You may commit the crime of voluntary manslaughter under California PC 192 if you kill another during a sudden quarrel. Typically, the killing occurs in the heat of passion. The killer may have an honest but unreasonable belief of the need to defend himself/herself. The crime of involuntary manslaughter is a lesser offense commonly included in murder cases.
It is rare for a prosecutor to charge you with voluntary manslaughter as the original case. In most cases, this offense comes up in murder cases as a plea bargain. The defendant may accept that he/she killed a person but seek a plea bargain to have the case reduced to voluntary manslaughter. A violation under PC 192 is a serious offense, according to California law, with detrimental consequences. If you are facing voluntary manslaughter charges, California Criminal Lawyer Group will help you develop a proper legal defense.
Definition of Voluntary Manslaughter According to California Law
California law defines voluntary manslaughter as killing another person without having a valid legal reason to do so.
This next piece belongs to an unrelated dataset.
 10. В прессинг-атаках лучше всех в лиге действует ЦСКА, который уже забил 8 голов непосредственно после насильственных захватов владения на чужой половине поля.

You may face charges for voluntary manslaughter if you act with a conscious disregard of human life and kill another person.
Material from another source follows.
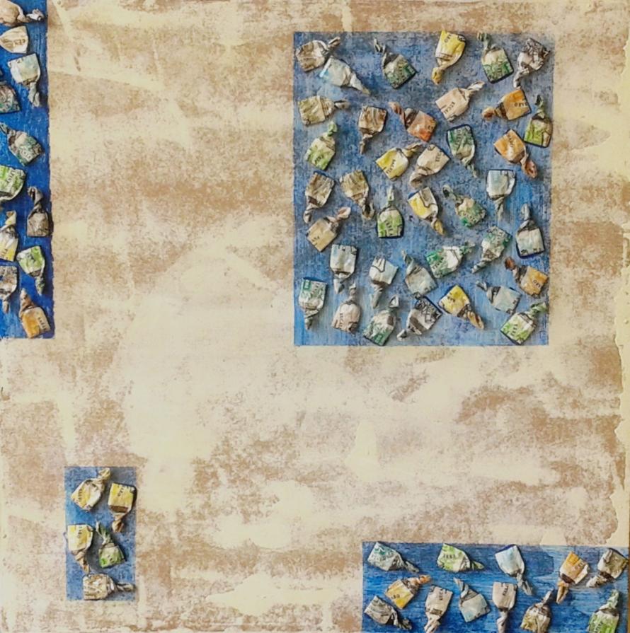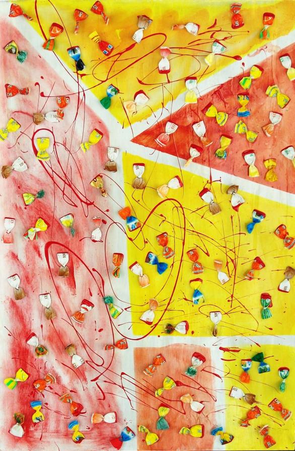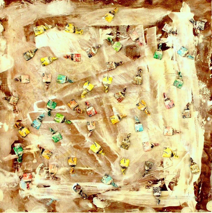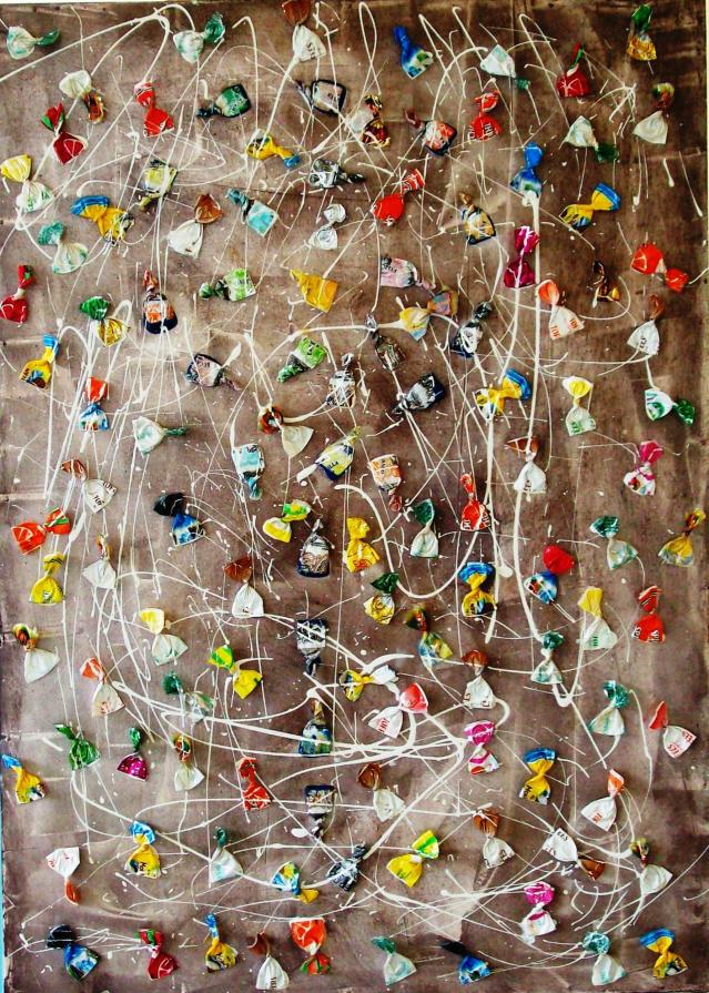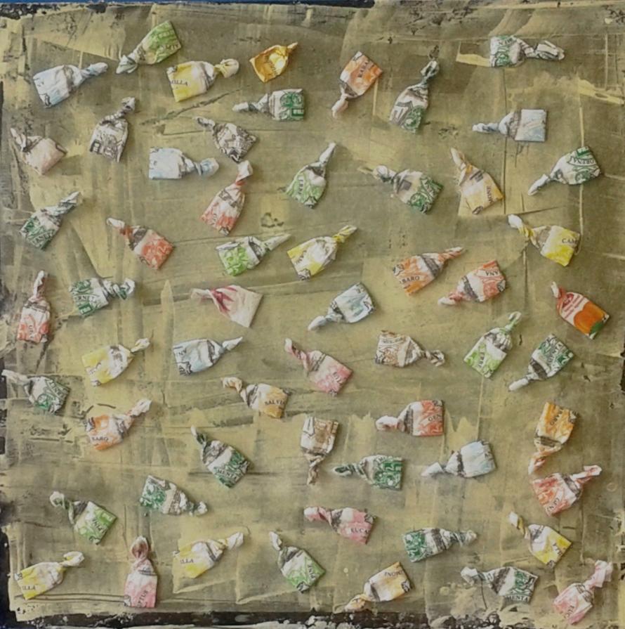 Circa 6 anni fa , un'estate del 2009, mentre facevo jogging, , camminando lungo un percorso ciclabile, ai margini di una strada del paese dove vivo , mi sono imbattuto, con lo sguardo, su un cumulo di quadratini colorati , simili a piccole piastrelle, a tasselli di un mosaico, giacenti in ordine sparso ,in un piccolo fossato .Incuriosito, mi sono chinato per verificarne la natura e la consistenza e, con mia sorpresa, ho realizzato che si trattava di carte di caramelle colorate ripiegate su sé stesse in maniera precisa e meticolosa, da risultare una sorta di quadratino con un appendice finale. Mi avevano colpito per la loro peculiarità estatica, la precisione della forma, la superficie cromatica, uguale e al tempo stessa diversa,che contraddistingueva ciascuna caramella, il cui involucro era ripiegato con sapienza e precisione e poi abbandonata n un rigagnolo stradale. Erano circa una quarantina di carte di caramelle. Poiché ero solito utilizzare materiale di riciclo, proveniente dall’uso comune, nei mie quadri , ho pensato di raccogliere questo materiale originale per utilizzarlo, all’uopo ,nei mie lavori artistici, quando ne avessi avuto l’’ispirazione. L’attrazione verso quelle carte però fu così viva e immediata che dopo due giorni realizzai il mio primo quadro dedicato ad esse , dalle piccole dimensioni e dalla superficie rosso cromata. Dopo un paio di settimane sono ripassato dallo stesso luogo è con mia sorpresa ho rinvenuto ancora un numero maggiore di carte di caramelle, lasciate nello stesso luogo ripiegate nella stessa maniera di quelle rinvenute precedentemente. Erano lo stesso tipo di caramelle, la stessa tipologia di colori associata a diversi gusti prodotti dalla medesima azienda dolciaria Anche questa volta le ho raccolte con l’intento preciso di farne subito un altro quadro. E così, periodicamente. da allora passo da quel luogo per rinvenire e recuperare quelle carte. Ormai sono anni che questo rito si consuma con le stesse modalità. Da una parte lo sconosciuto mangia le stesse caramelle , le ripiega e le getta in quel selciato e l’artista che periodicamente, ripassa dallo stesso luogo per recuperare degli quelli scarti che diventano materiale costituivo dei suoi lavori artistici.

When unlawfully kill another person in California, you may face murder or voluntary manslaughter charges. Whether you face voluntary manslaughter or murder charges will depend on whether you acted in malice aforethought. You might be guilty of acting in malice aforethought if you had expressed malice or intention to kill. Malice aforethought may also apply if you act with implied malice or wanton disregard of human life. If you kill another individual or fetus by acting with malice aforethought, you may face murder charges.
Voluntary manslaughter charges apply if you kill another person in the heat of passion. The prosecutor charges you with voluntary manslaughter by presuming that you acted without malice. Therefore, if you are facing murder charges and your attorney can prove that you did not act with malice aforethought, the court may reduce your charges to voluntary manslaughter.
Killing a person in the heat of passion means that at the time you committed the killing, you were provoked. It means that you acted rashly due to the provocation. When the killing occurred, you were intoxicated with significant emotion that impeded your judgment and your reasoning.
For you to have acted in the heat of passion, the provocation you faced should have forced an average person to act the way you acted. It should be evident that the provocation was adequate to impede your judgment and reasoning.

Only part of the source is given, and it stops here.